Le Grace 1, autorisé à reprendre la route

 

L'Iran s'étant engagé par écrit, la Cour suprême de Gibraltar a autorisé ce 15 août le pétrolier iranien arraisonné début juillet à quitter les eaux de ce territoire britannique.

Le Grace 1, chargé de 2,1 millions de barils de brut léger iranien, avait été intercepté dans les eaux au large de Gibraltar le 4 juillet et bloqué par les autorités de Gibraltar parce que le VLCC était soupçonné de transporter du pétrole à destination de la Syrie, contrevenant de fait aux sanctions de l'Union européenne frappant le pays. Le Royaume-Uni avait déclaré que le Grace 1 serait libéré si l'Iran pouvait donner l'assurance qu'il ne se dirigeait pas vers la Syrie. Ayant eu cette assurance, le gouvernement de Gibraltar a donc autorisé le pétrolier iranien à lever l'ancre malgré la demande américaine de prolonger l'immobilisation du navire. Le juge Anthony Dudley, président de la Cour, a déclaré à ce propos qu'il n'avait pas été saisi par écrit d'une demande américaine de retenir le pétrolier, annoncée dans la matinée par le ministère public de Gibraltar.

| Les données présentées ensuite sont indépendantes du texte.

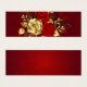 The composition of two artistically painted red roses and one golden rose, decorated with gold, jewel leaves on textured background.
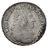Louis XIV (1643-1715) - Ecu "aux insignes" 1702 (?) - Zecca: Troyes - Diritto: busto del Re a destra - Rovescio: tre gigli racchiusi in una cornice coronata - gr. 27,05 - Ribattuta, SPL con patina di antica collezione
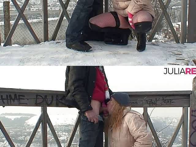 Sexy redhead rides a hard cock out in the cold snow
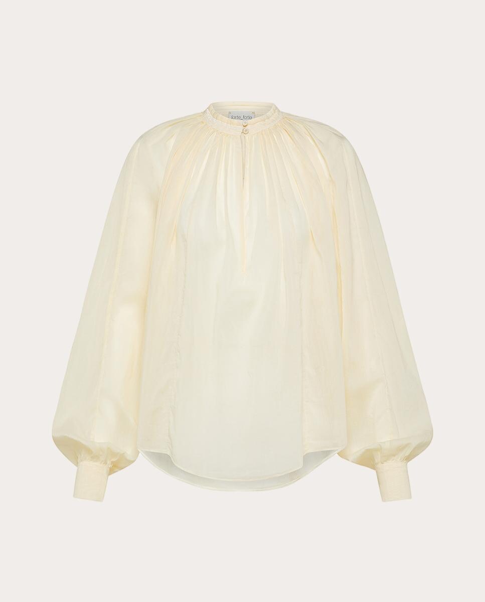 Blusa de algodón con cuello mao ribeteado, silueta fruncida y manga larga abullonada con puños abotonados.
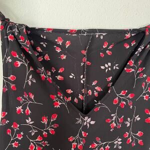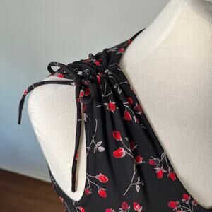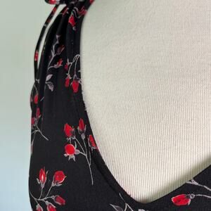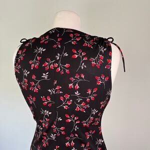 Vintage 90s Black Red Floral Rose Mini Dress Ruched Tie Shoulders V Neck Whimsigoth Witchy // Size Medium
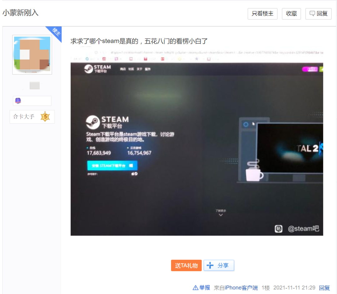 如今国产品牌总算可以抛掉“Made in China”就是劣质山寨的刻板印象,可打着正版的旗号,消费着新生代玩家的正版意识来充实自己钱包的假Steam无疑是将10年前的“山寨”精神又重新捡了起来,当我们点进百度Steam吧,看到几乎每隔一段时间都萌新因为下载假Steam发帖而被取笑的时候,我真的很想问一句:十年过去我们真的进步了吗?
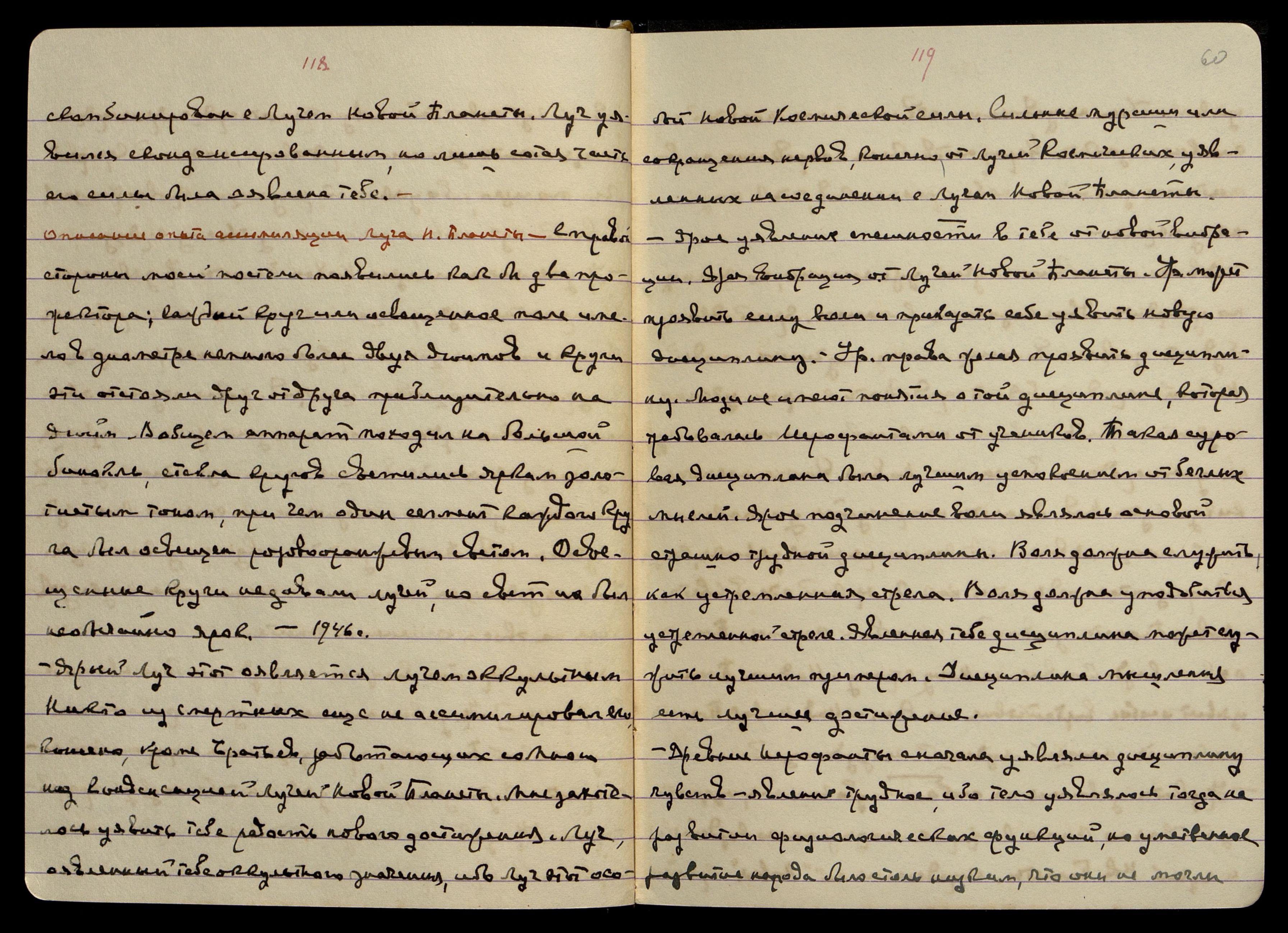 Описание опыта ассимиляции Луча Н[овой] Планеты. С правой стороны моей постели появились как бы два прожектора; каждый круг или освещённое поле имело в диаметре немного более двух дюймов и круги эти отстояли друг от друга приблизительно на дюйм. В общем аппарат походил на большой бинокль, стекла кругов светились ярким золотистым тоном, причем один сегмент каждого круга был освещен розово-оранжевым светом. Освещенные круги не давали лучей, но свет их был необычайно ярок. 1946 г[од].
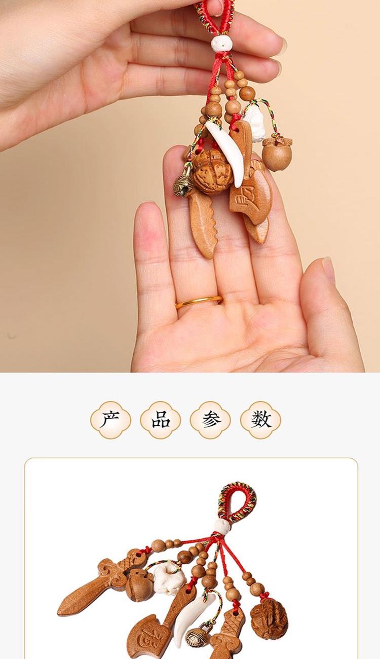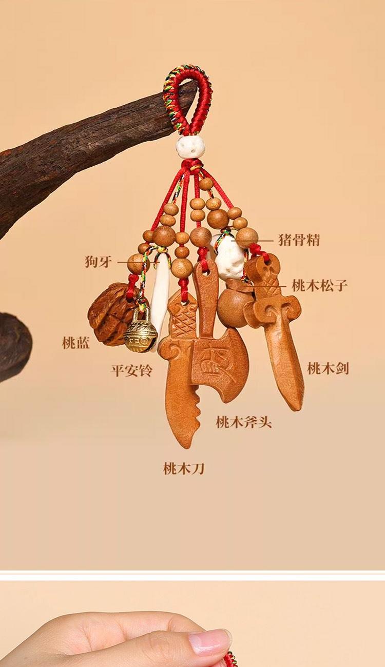双重辟邪,万煞不侵: 老桃木从材质上提供强大的辟邪能量,如同一位法力高强的法师;而五帝钱则凭借其盛世皇气,专门负责抵挡和化解各种煞气。两者结合,形成了无可匹敌的防护组合,寓意着为家庭或个人建立一个坚不可摧的保护磁场,强力抵御一切负面能量和邪祟的侵扰。 家宅安宁,运势昌隆: 悬挂于家中或车内,象征着净化整个环境的磁场,保佑家人身体健康,家庭和睦,运势兴旺。
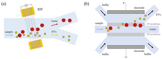 Examples of physical forces to separate vesicles within microfluidic chips. (a) Device with interdigitated electrodes generating acoustic waves to separate EVs from the initial sample; (b) differentiation of EVs through membranes mediated by electrophoretic (EP) forces.
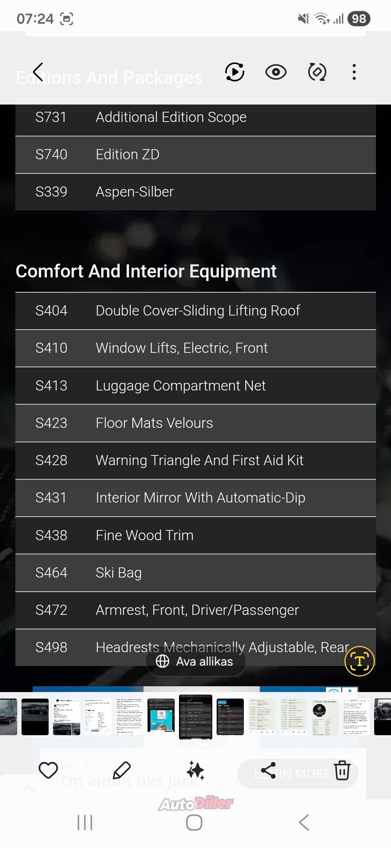 Panen siis huvipärast siis müüki oma hobiauto Bmw E34 525 TDS Touring manuaalkäigukastiga 1995.a. Autol karbid vahetatud, keretööd tehtud. PunasekPanens kiletatud. Viimased talved sõidetud pole. Peal on 2.4 mehaaniline pump ehk käivitusprobleeme pole. Saanud kõvasti remonti. Esisillas kõik kaikad, sisselaskekollektori tihendid, uued eelsüüteküünlad+plokk. Sillastend. Õli+filtrid, uus genekas. Uued kettad/klotsid. Käsipiduritross koos juurdekuuluvaga. Käivitus ka -27c paugust. Kere hea. Must lagi, panoraankatuseluuk, taga ustel kardinad, el-aknad, must nahktuba, juhiiste sport. Kompu, Pioneeri BT-stereo, ees udutuled, teisaldatav kärukonks, shadowline. Auto passis värvimuutus tehtud. Uus tagumine sumbuti pütt. Ei tahma kuna enne ülevaatust sai pumpa maha keeratud. Armatuuris üleliigseid tulesid ei põle. Soojaks läheb kiiresti. Keemismuresid ega käivitusprobleeme ei esine. Paak hoitud täis. Talvel aeg-ajalt käivitatud ja liigutatud, et pidurid kinni ei jääks. Karpidele sisse lastud ka roostemuundurit. Konditsioneer. Ees käetoed. 3-kodaraga rool. 16" originaal valuveljed. 2tk suverehvid, 2tk lamellid peal. Kaasa originaal plekkveljed lamellrehvidega. Registreerimistasu on makstud!!! Omanikuvahetus: 55€ Aastamaks 50€ makstud. Saabuvaks kevadeks kindlasti väga pilkupüüdev ja hea hobiauto. Kerel potensiaali kõvasti ja, kes korras TDS'i ikka ei taha saab alati M57D30 swapi teha. Istmesoojendused ka töötavad. Osa arveid tehtud tööde kohta tuleb kaasa. Alla said uued 18" randiga valuveljed, millel uued Sailuni 255/35 ZR18 rehvid peal. Ees coiloverid. Taga uued TRW-amordid. Originaal tõstekohtadest kannatab ilusti tõsta. Uus sumbuti tagapütt. Hinnas ei TINGI!!!
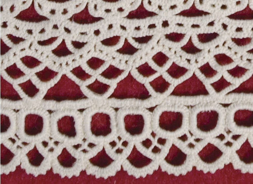 - The tight row of picots finishing the small scallops

Plus tard, dans un communiqué publié dimanche, les autorités du Rocher préciseront qu'« en vertu du droit européen, Gibraltar est dans l'impossibilité de prêter l'assistance demandée par les États-Unis ». Le territoire britannique rejettera à deux reprises une demande d'assistance américaine dans cette crise qui oppose Washington, Téhéran et Londres. Les États-Unis ont présenté plusieurs demandes pour que le pétrolier soit immobilisé, et le ministère américain de la Justice a même émis un mandat de saisie fondé sur les sanctions américaines contre l'Iran. Mais « le régime des sanctions de l'UE est fondamentalement différent de celui des États-Unis » ont argumenté les autorités de Gibraltar. 

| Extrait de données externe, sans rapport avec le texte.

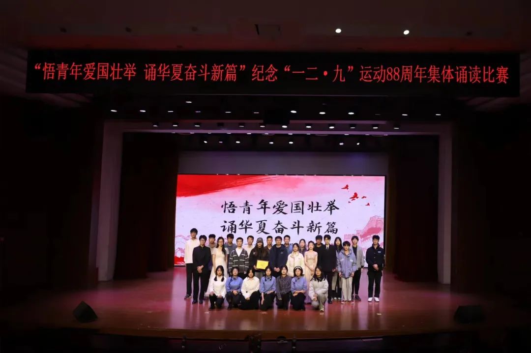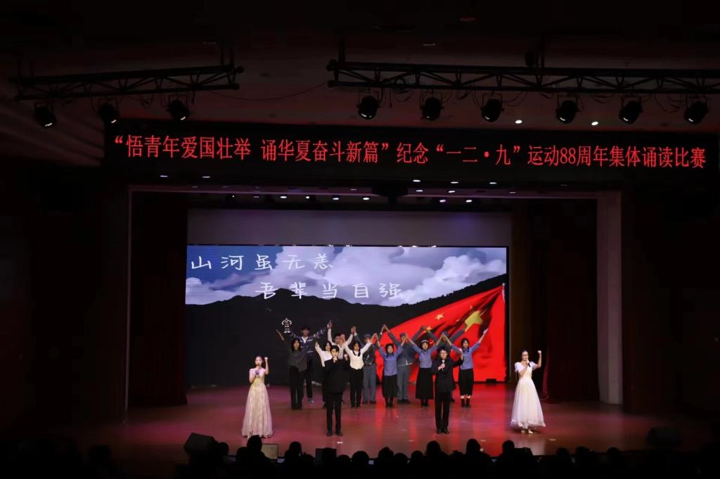 为纪念“一二·九”运动88周年,大力弘扬以爱国主义为核心的民族精神,进一步激发青年员工爱党爱国、爱校荣校热情,引导青年员工坚定理想信念,传承红色基因,青春建功新时代。12月6日,太阳成集团tyc234cc积极参与由校团委主办、校员工会承办的“悟青年爱国壮举,诵华夏奋斗新篇”纪念“一二·九”运动88周年集体诵读比赛,比赛在畿辅文化会堂举行。
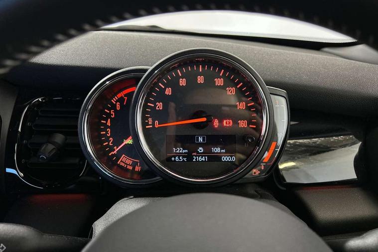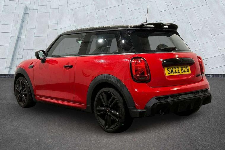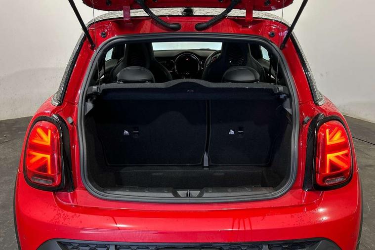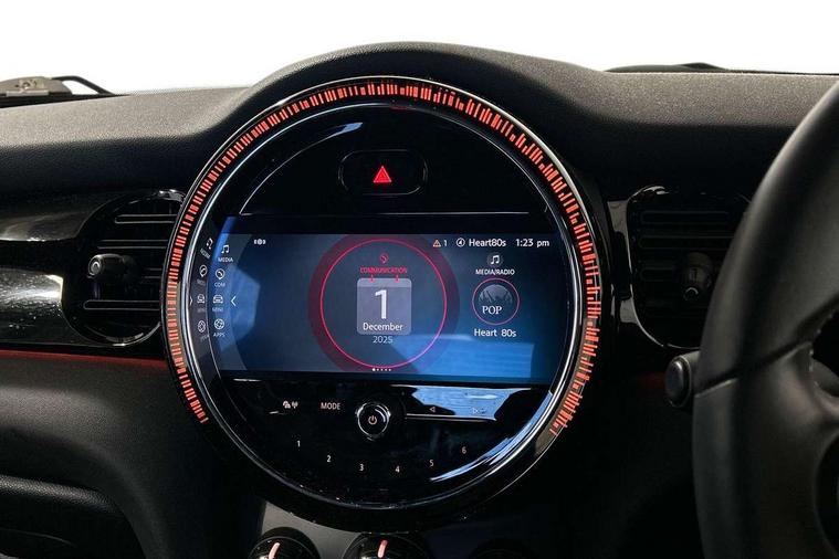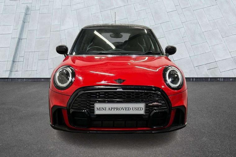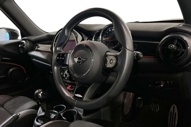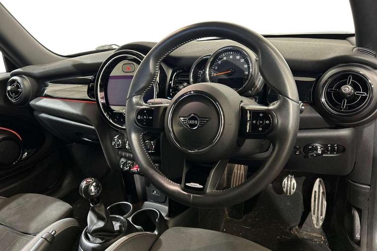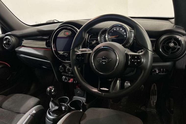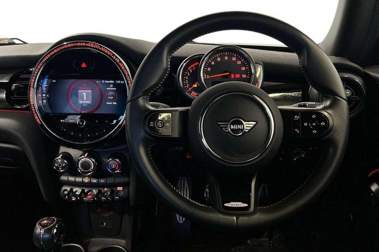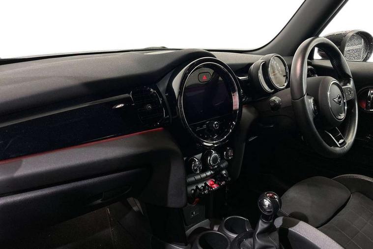 Apple CarPlay, Automatic start/stop function with brake energy recuperation, Compatible mobile phone bluetooth with audio streaming, Cruise control with brake assist, Electro-mechanical speed dependant steering assistance, Flexible car sharing preparation, Instrument cluster, MINI Driving Modes - centre toggle switch to control driving setting (sport, mid and green), Mini E-call, MINI TeleServices, On board computer, Rear park distance control, Service interval indicator, 6 Speed manual transmission including gear change indicator display, Double Vanos system, Fully variable valve control, High precision injection, Intelligent adaptive suspension, Performance Control, 8.8" touchscreen with LED ring, FM tuner and DAB digital radio, 3rd brake light, Automatic headlight activation switch, Body colour fuel filler cap, Chrome border high gloss black slats radiator grille, Dynamic brake lights, Electric front windows, Exhaust tailpipe on left with chrome finisher, Heated rear window, Heated windscreen washer jets, JCW Aerodynamic kit - Front and rear bumpers with sporty JCW styling and part-painted side sills with MINI John Cooper Works door sill finishers, John Cooper Works rear spoiler, LED headlight with closed ring and daytime driving lights, Metal door sill strips with MINI imprint, Model logo Cooper on right of tailgate, Rain sensor window wipers, Rear fog lights, Rear LED lights with union jack design, Rear window wiper, Side scuttle panel with integrated indicator, Sun/heat protection glass, White indicator lenses, 12V Accessory socket in centre console, 2 seat bench in 2nd row, 4 lashing eyes in luggage compartment, 60/40 split folding rear seat, Anthracite headliner including grab handles and clothes hooks, Carbon black colour line - Knee roll and door armrest, Chrome interior highlights, Cupholders, Front and rear isofix with front passenger airbag deactivation, Front floor mats in velour, Glove compartment, Height and length steering column adjustment, Interior lighting with 12 different colours across the dashboard, underneath door bezel with illuminated laser-engraved design on central display, JCW Sport seats with integrated headrests, adjustable thigh support and John Cooper Works logo, Leatherette gearshift lever and handbrake gaiters, LED reading lights, vanity mirror lights, front foot well light and spotlight on front seats, Manual air conditioning, Mechanical seat adjustment - forward/back & backrest for front seats and driver seat height adjust, Multifunction steering wheel, Passenger seat height adjuster, Single front passenger seat, Storage compartments in doors, Sunvisors with vanity mirrors, Walknappa leather steering wheel with grey seam and John Cooper Works badge on Piano Black lower steering wheel spoke, Piano black exterior pack - Mini Hatchback Cooper, 3 point seatbelts on all four seats, 6 Airbags - front, side, head and seat belt tensioners, Anti-lock braking system (ABS), DSC - Dynamic Stability Control, Front and rear disc brakes, Single tone fanfare horn, Tyre pressure monitoring system, Alarm system with tilt sensor, monitoring doors, bonnet interior and tailgate, Electronic vehicle immobiliser, Start/stop toggle with keyless go, Piano black interior trim, Tool kit,

La détention du Grace 1 avait déclenché d'énormes tensions géopolitiques au Moyen-Orient au cours des six dernières semaines,  notamment entre l'Iran et le Royaume-Uni, lequel est de surcroît confronté sur le plan de la politique intérieure à un environnement complexe en raison de son retrait de l'UE. L'armée iranienne a notamment saisi le pétrolier Riah battant pavillon panaméen le 15 juillet et le Stena Impero et ses 23 membres d'équipage battant pavillon britannique le 19 juillet, que d'aucuns ont interprété comme des mesures de représailles. La région du détroit d'Ormuz est devenue particulièrement tendue depuis la décision de l'administration américaine de se retirer de l'accord international permettant d'encadrer l'industrie nucléaire iranienne, négocié par son prédécesseur Barack Obama avec l'Iran, la France, la Russie, la Grande-Bretagne, la Chine et l'Allemagne. Plusieurs navires y ont été attaqués et un drone américain a été abattu par l'Iran alors que les États-Unis resserrent l'étau des sanctions contre la République islamique. Pour y assurer la navigation, les États-Unis, soutenu par le Royaume-Uni, porte l'idée d'une sentinelle militaire internationale, à laquelle adhère l'Australie (15 % du pétrole brut et 30 % du pétrole raffiné destiné à l'Australie transite par le détroit d'Hormuz selon les autorités du pays) mais s'oppose l'UE. 

La rédaction

[Actualisation le 19 août] Le Grace 1 a été renommé Adrian Darya 1 battant pavillon iranien alors qu'il naviguait sous pavillon panaméen jusqu'alors. Le portail de géolocalisation MarineTraffic indique que la destination du navire est Kalamata, en Grèce, un port qui n'est pas d'ordinaire associé au trafic de VLCC. TankerTrackers.com indique qu'à pleine charge, il ne pourrait pas traverser le canal de Suez, mais qu'il le pourrait s'il transbordait environ un million de barils à un Suezmax par exemple...

Cette évolution avait nourri l'espoir que le pétrolier suédois Stena Impero, battant pavillon britannique, saisi le 19 juillet dans ce qui a été perçu comme une mesure de rétorsion à l'arraisonnement du Grace 1, puisse être libéré. Mais un porte-parole de Stena Bulk a déclaré à Reuters que la situation restait bloquée. Le PDG de l'armateur vraquier, Erik Hanell, a pour sa part fait appel au premier ministre de l'Inde, Narendra Modi, pour qu'il l'aide à libérer les 18 marins indiens qui composaient l'équipage du navire retenu par les autorités iraniennes.